My view is that signs are not all equations. they are things that the mind takes in subjectively and individually an cannot be expressed or duplicated exactly as taken. they can only be expressed, and expressed subjectively. Or in other words, subjectively as in art mando
On Mar 15, 2010, at 10:18 AM, Frances Kelly wrote:
Frances to Cheerskep and listers... The term "sign" should be held to stand for an "objective relative" object that representatively stands for or signs some other object in some signing way as related to a signer for some signed purpose. The signers can be of matter or life, because even matter is held to be quasi effete mind that feels in its attempt to merely exist. For those who wish a good deep definition of sign at its broadest, sources in the philosophy of angloamerican realist pragmatism with its categorics and semiotics is highly recommended. Now, to correct any misunderstanding some readers here may have about signs and especially of signs as lingual symbols that may be used in the brain and its mind, the stuff of the psyche like thoughts are signs, and are not made of some further neural system aside from signs, nor are signs used merely to stand for or symbolize those supposed distant mental constructs, because no deeper system or method of thoughts exist, but rather the thoughts are the signs and if the thoughts are discursive then the signs are furthermore lingual symbols.
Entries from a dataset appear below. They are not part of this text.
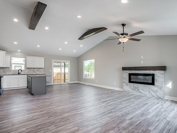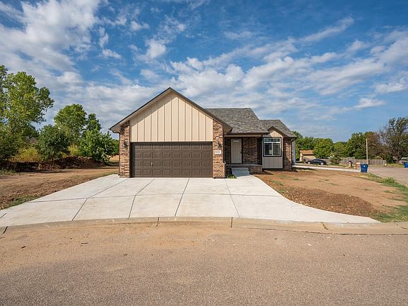 Welcome home to this brand-new built home in Southeast Wichita. 4 bedrooms, 3 bath, 2 attached car garage, covered patio, Open floor plan with beautiful modern finishes, spacious living room with electric fireplace and vault ceiling. The kitchen has granite countertops, an island with an eating bar. The spacious master bedroom has beautiful pocket ceiling, and the master bath features a shower, a double vanity with quartz countertops and two sinks. The basement is fully finished with a large family room. Where can you find a brand-new home with less than 2K left of special tax. All information contained herein is thought to be correct, but is not guaranteed. Agent is related to the seller
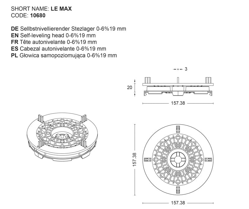 Głowica samopoziomująca do wsporników tarasowych LE MAX 6% | DD Group
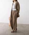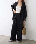 シャツや同素材のダブルテーラードジャケットと合わせたモードな着こなしも◎
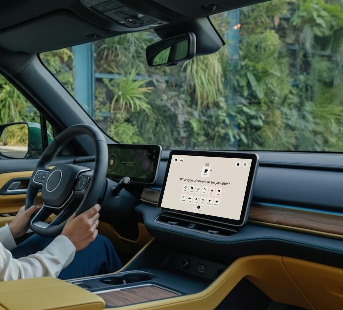 An EV car UI to help find activities near charging stations. Walking directions + charge status sent straight to your phone
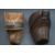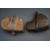 of characteristic shoe-shaped form; the first pair of copper alloy, engraved with scrolls and foliage on the top and with an integral suspension loop; the second pair of white metal, slightly smaller, and engraved with scrolls and foliage on top; the third pair each pierced with a pair of triangles and cast with raised bands framing the suspension loop; the fourth pair of copper alloy slipper form, each pierced at the rear and with a small U-shaped suspension loop; the fifth and sixth almost forming a pair, each cast in imitation of a buckle and with a scalloped design on each side of the suspension loop; the seventh stamped ‘G. Joppert & Cie, Rio da Janeiro’; the eighth of plain white metal; the ninth of copper; the tenth a small iron slipper-shaped stirrup; the eleventh of wood carved with a scrolling terminal and decorated with foliage and the twelfth similar, carved with geometric designs, the first: 11.5 cm high (16)

In other words, signers make thoughts with signs made of cerebral matter, and cannot make them with anything else other than such signs. This is an objective logical approach to signs generally and to include symbolic signs and as the psyches. This approach avoids any general kind of subjective psychologism or rationalism in its account of signs, so that signs are not merely the products of mental visions or notions or nominations. The signs of the world are phenomenal facts that exist external to life and sense and mind, but are only "realized" to exist for all phanerisms of matter and life when the signs are found related to a signer in an act of semiosis or a sign situation. The signer is thus brought into a relation with the objective stuff of the sign, and not with their own subjective feelings or thinkings or knowings of the sign, because it is after all the sign that is felt or thought or known. Cheerskep partly wrote in effect... You have not defined what you have in mind with any of the key terms you use, such as signs, icons, indexes, symbols, and representamen. The result is that your disquisitions seem incomprehensible to me. For example, when you state that a symbol is a sign, but that "signs are not used by the signer to stand for or symbolize those distant constructs" can only result in bafflement.